- [Exercise requirements]: Would you transcribe the whole listing exactly, minus its pictures?

- [Source data]:

>>>>

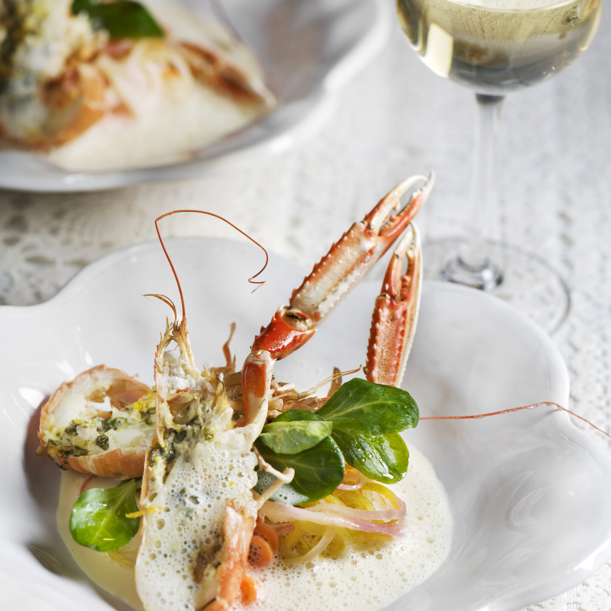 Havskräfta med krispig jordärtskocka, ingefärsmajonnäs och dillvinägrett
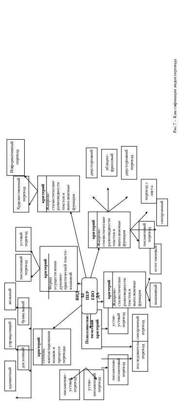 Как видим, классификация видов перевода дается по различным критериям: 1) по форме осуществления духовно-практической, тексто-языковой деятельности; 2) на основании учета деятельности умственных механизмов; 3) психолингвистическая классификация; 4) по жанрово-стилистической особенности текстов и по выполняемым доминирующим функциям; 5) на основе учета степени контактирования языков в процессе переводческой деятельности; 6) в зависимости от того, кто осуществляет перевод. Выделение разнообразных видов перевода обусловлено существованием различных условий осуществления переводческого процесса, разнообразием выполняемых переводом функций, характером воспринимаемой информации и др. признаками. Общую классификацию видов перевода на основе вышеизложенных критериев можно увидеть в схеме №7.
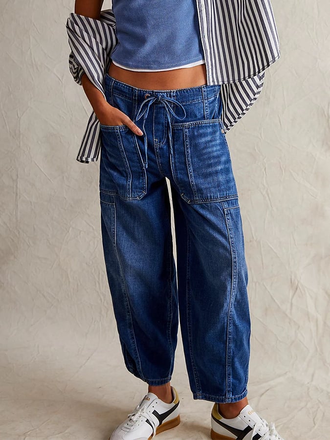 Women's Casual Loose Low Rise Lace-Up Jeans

<<<<

- [Solution below]:
 Havskräfta med krispig jordärtskocka, ingefärsmajonnäs och dillvinägrett
 Как видим, классификация видов перевода дается по различным критериям: 1) по форме осуществления духовно-практической, тексто-языковой деятельности; 2) на основании учета деятельности умственных механизмов; 3) психолингвистическая классификация; 4) по жанрово-стилистической особенности текстов и по выполняемым доминирующим функциям; 5) на основе учета степени контактирования языков в процессе переводческой деятельности; 6) в зависимости от того, кто осуществляет перевод. Выделение разнообразных видов перевода обусловлено существованием различных условий осуществления переводческого процесса, разнообразием выполняемых переводом функций, характером воспринимаемой информации и др. признаками. Общую классификацию видов перевода на основе вышеизложенных критериев можно увидеть в схеме №7.
 Women's Casual Loose Low Rise Lace-Up Jeans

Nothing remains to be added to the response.